> **ASSIGNMENT**:
Everything below from the line with "Karanlık olan kilise" through the line with "The bill, titled" must be retyped exactly, except the pictures.

╭─ SOURCE RECORDS

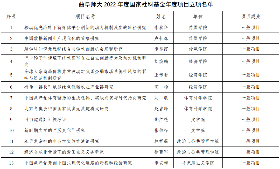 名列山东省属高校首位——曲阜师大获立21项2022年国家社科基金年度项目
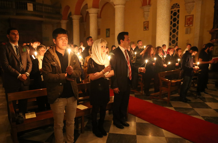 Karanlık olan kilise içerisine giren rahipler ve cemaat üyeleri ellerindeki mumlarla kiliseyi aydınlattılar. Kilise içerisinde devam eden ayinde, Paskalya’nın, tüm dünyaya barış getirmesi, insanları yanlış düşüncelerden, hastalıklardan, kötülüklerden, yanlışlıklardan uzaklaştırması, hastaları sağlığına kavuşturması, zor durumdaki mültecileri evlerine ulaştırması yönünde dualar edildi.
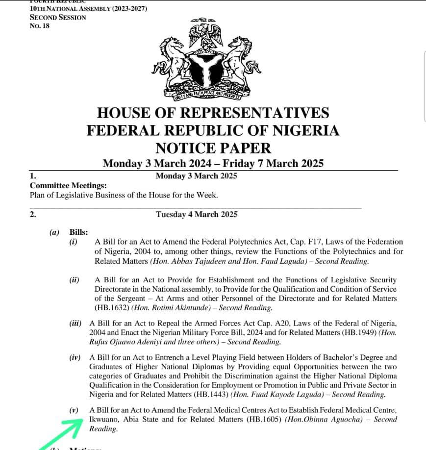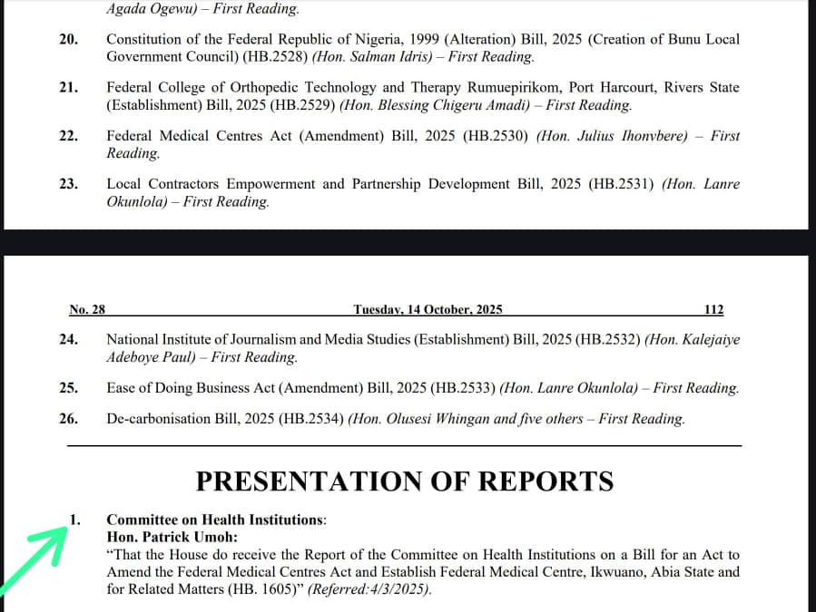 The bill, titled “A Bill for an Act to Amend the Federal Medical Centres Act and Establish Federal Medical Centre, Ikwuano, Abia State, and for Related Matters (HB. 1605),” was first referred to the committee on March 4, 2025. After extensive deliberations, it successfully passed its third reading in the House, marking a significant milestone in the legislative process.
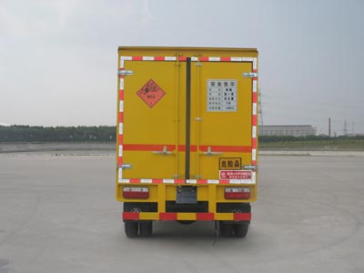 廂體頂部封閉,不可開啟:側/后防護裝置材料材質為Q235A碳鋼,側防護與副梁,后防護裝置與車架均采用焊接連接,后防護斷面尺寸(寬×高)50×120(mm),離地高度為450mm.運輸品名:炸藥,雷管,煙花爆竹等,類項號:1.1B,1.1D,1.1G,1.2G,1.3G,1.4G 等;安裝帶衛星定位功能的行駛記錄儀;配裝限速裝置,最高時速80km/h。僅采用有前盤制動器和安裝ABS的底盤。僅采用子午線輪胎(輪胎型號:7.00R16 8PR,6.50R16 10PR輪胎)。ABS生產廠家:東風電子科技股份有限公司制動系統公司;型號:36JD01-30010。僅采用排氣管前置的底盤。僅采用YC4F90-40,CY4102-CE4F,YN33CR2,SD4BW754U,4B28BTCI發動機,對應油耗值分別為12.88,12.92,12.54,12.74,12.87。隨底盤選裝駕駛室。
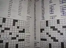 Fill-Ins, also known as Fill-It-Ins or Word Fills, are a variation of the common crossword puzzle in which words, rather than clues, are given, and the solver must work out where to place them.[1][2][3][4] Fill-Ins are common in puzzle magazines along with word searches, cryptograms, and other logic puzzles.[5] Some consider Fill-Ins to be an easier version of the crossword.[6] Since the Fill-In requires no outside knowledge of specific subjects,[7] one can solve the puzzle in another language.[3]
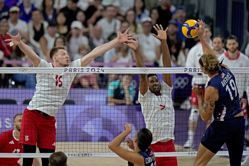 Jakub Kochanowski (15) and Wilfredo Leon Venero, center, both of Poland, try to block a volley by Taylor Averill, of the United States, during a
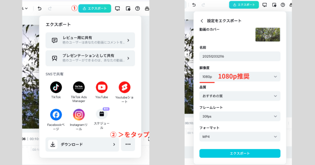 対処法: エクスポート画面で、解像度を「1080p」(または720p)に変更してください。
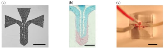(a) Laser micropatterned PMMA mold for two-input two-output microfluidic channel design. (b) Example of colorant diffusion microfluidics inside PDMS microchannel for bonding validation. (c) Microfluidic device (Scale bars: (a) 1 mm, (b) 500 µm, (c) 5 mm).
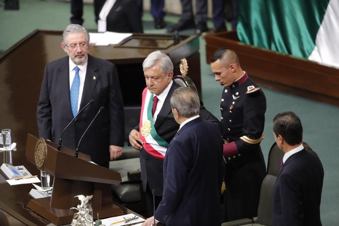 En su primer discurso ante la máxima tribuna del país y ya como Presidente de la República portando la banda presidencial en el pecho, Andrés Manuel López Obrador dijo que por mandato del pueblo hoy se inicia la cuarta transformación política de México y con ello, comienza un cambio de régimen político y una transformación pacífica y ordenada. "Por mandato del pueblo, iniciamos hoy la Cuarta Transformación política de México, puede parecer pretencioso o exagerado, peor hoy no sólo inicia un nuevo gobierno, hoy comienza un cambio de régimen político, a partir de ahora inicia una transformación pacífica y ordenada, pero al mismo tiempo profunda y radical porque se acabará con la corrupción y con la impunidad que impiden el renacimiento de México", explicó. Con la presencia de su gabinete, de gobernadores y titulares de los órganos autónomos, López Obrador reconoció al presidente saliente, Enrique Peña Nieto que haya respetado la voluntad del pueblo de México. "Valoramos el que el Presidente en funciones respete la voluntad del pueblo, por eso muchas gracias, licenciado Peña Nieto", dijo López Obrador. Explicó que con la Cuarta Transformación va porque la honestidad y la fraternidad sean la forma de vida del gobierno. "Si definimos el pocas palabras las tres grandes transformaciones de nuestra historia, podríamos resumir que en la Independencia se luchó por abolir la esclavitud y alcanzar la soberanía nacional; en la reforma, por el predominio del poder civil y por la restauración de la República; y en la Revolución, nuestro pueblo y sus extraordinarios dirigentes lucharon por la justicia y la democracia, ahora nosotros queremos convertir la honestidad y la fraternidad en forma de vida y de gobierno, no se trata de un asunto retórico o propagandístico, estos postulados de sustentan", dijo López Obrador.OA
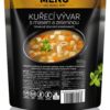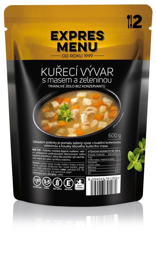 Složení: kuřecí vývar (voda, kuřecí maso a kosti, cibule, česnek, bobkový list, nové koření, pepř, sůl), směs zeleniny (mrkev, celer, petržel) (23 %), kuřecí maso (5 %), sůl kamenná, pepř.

╰─
╭─ SOURCE RECORDS

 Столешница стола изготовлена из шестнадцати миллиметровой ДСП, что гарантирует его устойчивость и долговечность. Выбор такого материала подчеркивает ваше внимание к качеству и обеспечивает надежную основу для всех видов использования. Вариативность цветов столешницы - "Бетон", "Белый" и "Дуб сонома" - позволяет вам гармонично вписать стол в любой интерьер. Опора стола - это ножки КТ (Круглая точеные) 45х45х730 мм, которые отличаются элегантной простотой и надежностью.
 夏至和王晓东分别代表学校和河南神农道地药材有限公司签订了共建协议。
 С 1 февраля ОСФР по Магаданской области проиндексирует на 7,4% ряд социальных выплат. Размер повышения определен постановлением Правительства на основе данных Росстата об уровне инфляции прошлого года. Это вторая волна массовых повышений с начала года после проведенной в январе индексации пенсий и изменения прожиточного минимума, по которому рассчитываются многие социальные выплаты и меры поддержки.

╰─
╭─ SOURCE RECORDS

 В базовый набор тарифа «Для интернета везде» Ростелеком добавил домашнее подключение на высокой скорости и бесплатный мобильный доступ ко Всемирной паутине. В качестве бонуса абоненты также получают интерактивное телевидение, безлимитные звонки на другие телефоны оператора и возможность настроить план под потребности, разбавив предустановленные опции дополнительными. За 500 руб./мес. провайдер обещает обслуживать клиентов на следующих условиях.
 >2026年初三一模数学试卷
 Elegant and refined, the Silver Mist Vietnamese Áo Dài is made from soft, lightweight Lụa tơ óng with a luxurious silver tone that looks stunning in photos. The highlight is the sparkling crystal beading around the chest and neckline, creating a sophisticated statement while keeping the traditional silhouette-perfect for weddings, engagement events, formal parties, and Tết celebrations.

╰─

> **ANSWER SPACE**:
 Karanlık olan kilise içerisine giren rahipler ve cemaat üyeleri ellerindeki mumlarla kiliseyi aydınlattılar. Kilise içerisinde devam eden ayinde, Paskalya’nın, tüm dünyaya barış getirmesi, insanları yanlış düşüncelerden, hastalıklardan, kötülüklerden, yanlışlıklardan uzaklaştırması, hastaları sağlığına kavuşturması, zor durumdaki mültecileri evlerine ulaştırması yönünde dualar edildi.
 The bill, titled “A Bill for an Act to Amend the Federal Medical Centres Act and Establish Federal Medical Centre, Ikwuano, Abia State, and for Related Matters (HB. 1605),” was first referred to the committee on March 4, 2025. After extensive deliberations, it successfully passed its third reading in the House, marking a significant milestone in the legislative process.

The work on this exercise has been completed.